Currencies for places like Greece and Portugal should be allowed to float separately from the ‘hard currency’ with separate exchange and interest rates, allowing those states room to take decisions to benefit their locality.
“Until they take decisions that are concerned with the financial and economic position rather than the political ones in terms of ever close integration they will not get out of this crisis,” said the Conservative.
The Tories have a reputation for self-destructing on Europe; part of the reason why talk of the EU was once banned by the prime minister.
But ever since Mr Cameron used the UK veto at an EU summit, boosting his poll ratings, Conservatives have been bolder in pushing the party onto a eurosceptic footing.
Mr Van Orden argues that the desire to reshape Britain’s relationship with the EU is not one held only by right-wing ‘gentlemen of the shires’.
He said: “In our own country whenever the prime minister says something vaguely critical about the EU certain parts of the media accuse him of playing to some swivel-eyed right wing element in the Conservative party.
“But this is mainstream thinking.
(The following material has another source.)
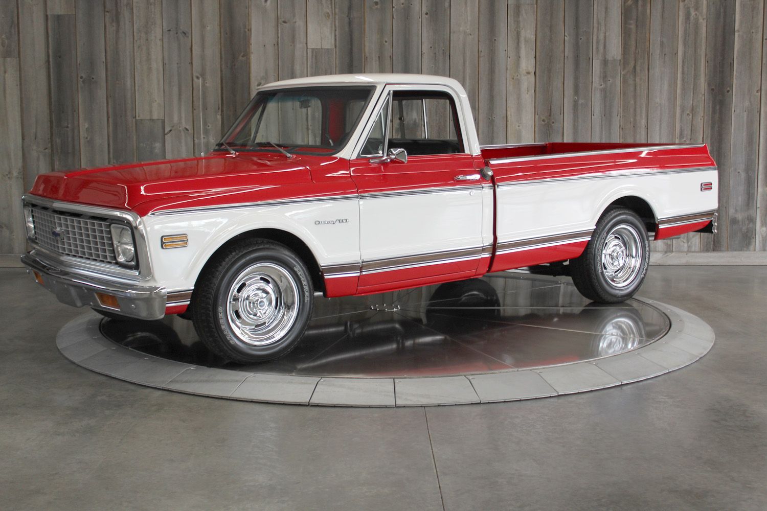 ![]() Click on the image for a larger picture. 1972 CHEVROLET C10 1972 CHEVY C-10 – 1972 Chevy C10 Pickup. Frame Off Restored Beautiful two-tone Red and White Exterior with Black vinyl seat and red trim interior. Body - Rust free - truck Paint Base Coat Clear Coat. Chrome - All new bumpers and trim. Frame and front-end parts – freshly painted. Engine – rebuilt 350 – bored 40 over, Crank 10-10. All new parts – fuel pump, water pump, starter, alternator, regulator, plugs and plug wires, distributor, temp switch, thermostat, belts, hoses, heater core, Edelbrock carb. Manifold, Valve covers – air cleaner. Frame and front-end parts – painted. Transmission – Rebuilt 700R4 with overdrive. Drive Shaft – All new parts and balanced with new U-joints. Wiring – new. Tires – 4 new General raised white letters. Wheels – 4 New Chrome Rally 17" wheels with spinner center caps. 4 new Shocks. Brakes – New front calipers, pads, hoses, and lines, rear drums and wheel cylinders, hoses, and lines – new master cylinder – new front rotors and rear drums machined. Exhaust – New dual exhaust system. Radio – New radio, antenna, and speaker. Battery – New battery and cables. FRONT END – New coil springs, tie rods, ball joints, and “A” frame bushings and arms kit – new trailing arms and rear springs. New Floor – Doors, front fenders, cab mounting kit, new tailgate, all new side moldings, front and rear bumpers, grill, inner fender walls. New lenses - headlights, all rubber moldings, gas-sending unit. New emergency brake cable – new side marker lights, windshield, new door glass on both sides, New - seat covers, door panels, carpet, cigar lighter, instrument cluster, outside and inside mirrors, floor mats, thick rubber bed mat. New - Metal wiper arms with new wiper blades. Beautiful glass, chrome, and trim. Stainless steel bed caps are new. This is a great truck, new and ready to enjoy only has 43 miles since its total restoration was completed. Drives great and sounds perfect.

The orthodoxy has shifted in Britain, most people are eurosceptic.”
As opposed to those on the Commons backbenches calling for an in/out referendum, Mr Van Orden wants the government to approach the issue differently.
He said: “I’ve long been a supporter of a referendum; I actually think it’s inevitable, it’s more a question of timing and content. I don’t think however that it’s a good idea to have an in/out referendum.
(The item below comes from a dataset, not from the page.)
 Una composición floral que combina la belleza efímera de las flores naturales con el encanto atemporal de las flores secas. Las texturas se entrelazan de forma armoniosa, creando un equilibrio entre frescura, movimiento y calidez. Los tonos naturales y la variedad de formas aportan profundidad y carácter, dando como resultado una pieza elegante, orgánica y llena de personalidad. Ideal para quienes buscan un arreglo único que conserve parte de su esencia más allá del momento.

“It’s dangerous and people should be careful what they wish for - it might go the other way after all and then we would find ourselves on the path to closer integration.
“We know that the EU needs to be reshaped and the UK in particular needs a different sort of relationship. So we need to ask how we get from here to there.”
His suggestion is to hold a two-part referendum. First the government would come up with a list things it wants to change about the UK’s position, and then it would ask the country if it accepts this as a negotiating position when the chance to force a change comes.
Then when negotiations finish a second vote would be held on whether to accept the deal that has been struck. It is an approach Mr Van Orden says fulfils the desire of most Brits not to fully withdraw from Europe, but to strengthen Britain’s position and change the way it works with the EU.
With the prime minister’s new found readiness to talk about a referendum, the MEP is hoping the time has come for his ideas and that of his think tank.